Right for the wrong reason

Will Landecker
Jun 9
8 min read

Interpretable machine learning gives us tools to find and fix the blind spots of our data and models.

Recently, some heavy hitters have been making the case for greater explainability and interpretability in AI. Dario Amodei, the co-founder and CEO of Anthropic, wrote a piece about the Urgency of Interpretability. In it, he argues that black-box AI systems could harbor dangerous internal machinery that we might not detect until it’s too late.

As someone who has spent 16 years working with interpretable ML (first researching, then implementing and practicing), I think this is a good time to share my experiences. If there's one thing I want everyone to walk away with, it's the fact that interpretable ML can help us solve a problem that silently derails ML systems: it helps us find deficiencies in a dataset that allow a model to be right for the wrong reason.

Cracking open the black box

For the past 15 years, we have been building bigger. Our datasets keep growing, simultaneously taking advantage of increasing data availability and new learning paradigms requiring less structure in the data. More data means we can extract more complex patterns, so our models have grown in size and complexity as well. Whereas we used to train an image detection model containing hundreds to thousands of parameters with 100 megabytes of hand-labeled images, today we train models with hundreds of billions of parameters on terabytes of data.

The size and complexity of these models are overwhelming. Each word produced by a modern LLM requires 100 billion arithmetic operations. Despite being able to see and audit each individual operation, many feel that the sheer scale of the network is too large to be understandable. Some researchers liken the process of training these massive models to poorly understood alchemy. They are black boxes, and many have given up on seeing the forest through the trees.

Others look at this black-box challenge and see a fight worth fighting. Research in the field of Interpretable Machine Learning (as well as Explainable AI, which I will use synonymously throughout this article) continues to grow, trying to keep up with the frantic pace of new AI developments. Some of these novel interpretable methods dissect the internal structure of the massive AI models, looking for meaning in the constellation of components that responded to a particular input. Others try to simplify a model's logic by analyzing the model's repeated interactions with a large dataset.

These tools allow us to examine a model's output and ask various follow-up questions, each a different flavor of: "why?" Why did the model deny this applicant's loan? With an interpretable method, we can get an answer. Why did the model fail to predict this storm? Interpretability lets us peek inside and find out. By design, interpretable methods offer us an interface between human understanding and machine understanding. They aim to answer our (very human) questions about a (very inhuman) complex system.

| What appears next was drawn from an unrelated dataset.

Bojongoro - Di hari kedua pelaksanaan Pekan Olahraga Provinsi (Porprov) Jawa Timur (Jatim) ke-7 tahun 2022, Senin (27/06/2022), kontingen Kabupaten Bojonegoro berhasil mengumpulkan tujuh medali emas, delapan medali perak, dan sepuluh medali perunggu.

(It's important to understand that simply querying a generative text model with the input, "Why did you say that?" is not the same as interpretability. Asking a generative model to explain itself will result in the same thing that generative models always create: plausible hallucinations. The model's response may sound reasonable. But it was never trained to be a witness under oath, and it encapsulates no notion of truth. Interpretable ML methods, on the other hand, are designed to yield the truth. A well-founded method of interpretability yields an explanation that is epistemologically consistent with the logic of the black box.)

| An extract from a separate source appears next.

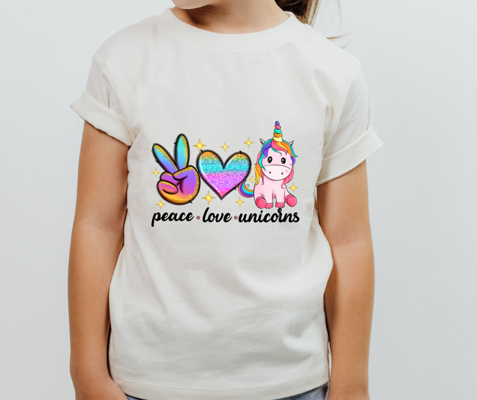 Peace Love Unicorns Toddler Shirt The "Peace Love Unicorns Toddler Shirt" is a whimsical and enchanting piece of clothing specially crafted to bring a touch of magic to your toddler's wardrobe. Made from 100% organic cotton, this shirt not only ensures your child's comfort but also aligns with environmentally conscious choices. Here's a closer look at this delightful product with a touch of magical charm:

Interpretable ML is designed to be, well, interpretable. By a human. With knowledge. The more knowledge we have about the problem we’re trying to solve ( domain knowledge, sociological knowledge, historical knowledge ), the more thoughtfully we can scrutinize the model’s solution. We can compare our knowledge to the machine’s and spot any misalignments.

Uncovering these misalignments is especially critical in high-stakes settings. If a model is involved in a decision that affects anyone's health or well-being, it's hard to trust the AI without the ability to audit it deeply. In highly regulated fields like banking, employment, housing, and medicine, the ability to explain decisions is sometimes even a legal requirement.

Diagnosing mistakes

More than just satisfying a regulatory check box, interpretability helps us build models that are better aligned and more accurate at solving the actual problem we built them for.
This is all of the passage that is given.